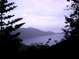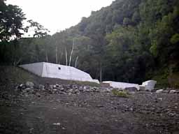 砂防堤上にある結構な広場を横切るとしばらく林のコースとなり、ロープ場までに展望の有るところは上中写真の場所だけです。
--
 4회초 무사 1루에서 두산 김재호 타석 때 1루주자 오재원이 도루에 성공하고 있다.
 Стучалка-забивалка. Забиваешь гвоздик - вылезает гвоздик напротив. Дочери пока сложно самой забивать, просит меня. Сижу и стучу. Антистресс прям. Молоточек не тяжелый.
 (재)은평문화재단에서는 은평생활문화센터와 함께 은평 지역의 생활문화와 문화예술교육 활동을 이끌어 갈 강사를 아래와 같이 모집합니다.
==
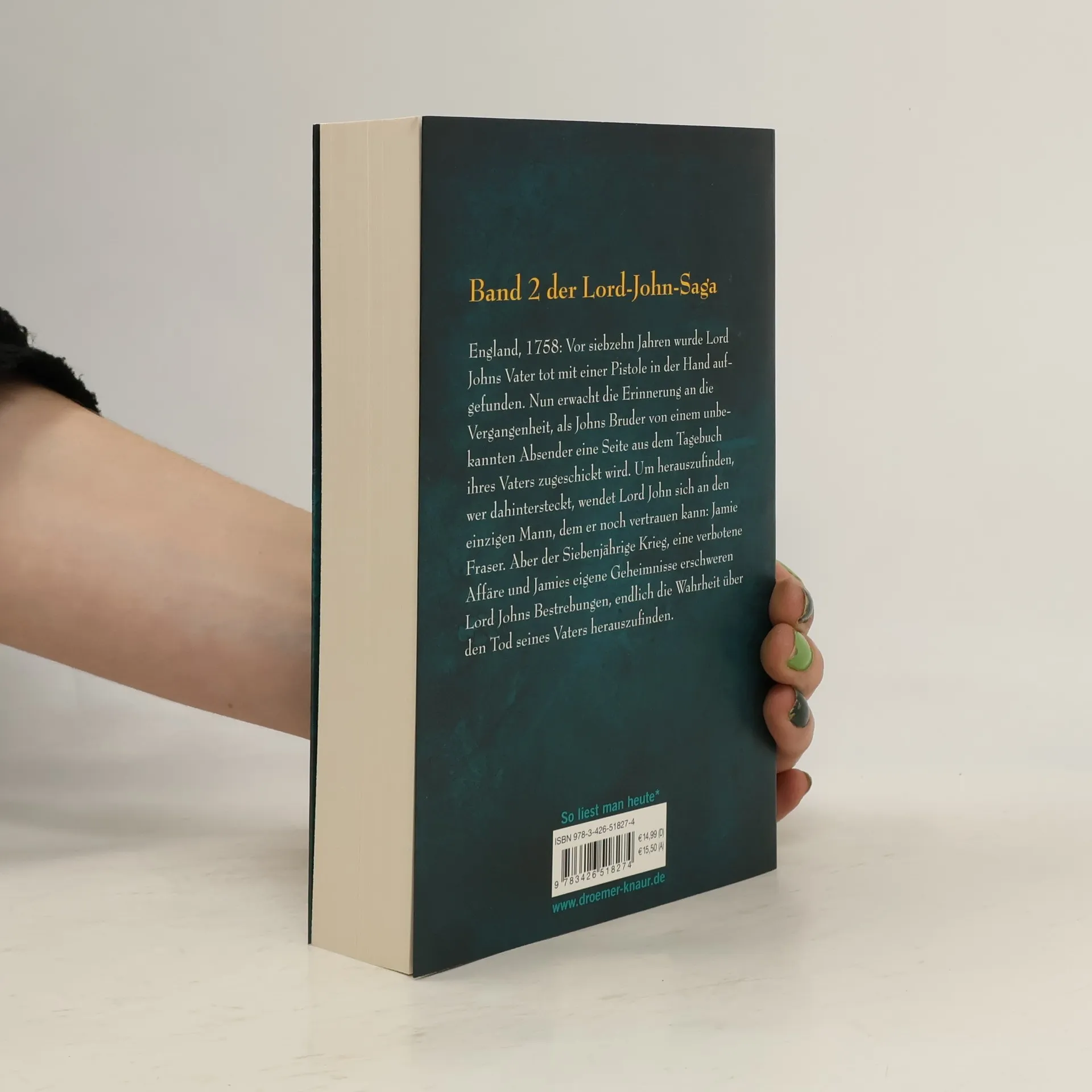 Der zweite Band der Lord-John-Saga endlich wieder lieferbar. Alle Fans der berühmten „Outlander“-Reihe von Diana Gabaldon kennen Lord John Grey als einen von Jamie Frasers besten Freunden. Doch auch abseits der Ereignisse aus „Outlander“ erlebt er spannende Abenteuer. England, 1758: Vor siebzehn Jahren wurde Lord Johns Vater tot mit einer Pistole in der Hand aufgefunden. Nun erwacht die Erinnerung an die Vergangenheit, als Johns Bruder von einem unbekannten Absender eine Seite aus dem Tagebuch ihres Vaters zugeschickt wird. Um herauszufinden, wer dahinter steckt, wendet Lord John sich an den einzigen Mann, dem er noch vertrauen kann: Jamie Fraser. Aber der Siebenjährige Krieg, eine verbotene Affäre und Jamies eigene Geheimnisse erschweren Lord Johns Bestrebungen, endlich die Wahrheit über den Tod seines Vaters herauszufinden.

## Problem requirements
Of all the entries above, retype exactly the lines from the line with "4회초 무사 1루에서" to the line with "(재)은평문화재단에서는 은평생활문화센터와 함께", both included, and no others.

## Task solution
 4회초 무사 1루에서 두산 김재호 타석 때 1루주자 오재원이 도루에 성공하고 있다.
 Стучалка-забивалка. Забиваешь гвоздик - вылезает гвоздик напротив. Дочери пока сложно самой забивать, просит меня. Сижу и стучу. Антистресс прям. Молоточек не тяжелый.
 (재)은평문화재단에서는 은평생활문화센터와 함께 은평 지역의 생활문화와 문화예술교육 활동을 이끌어 갈 강사를 아래와 같이 모집합니다.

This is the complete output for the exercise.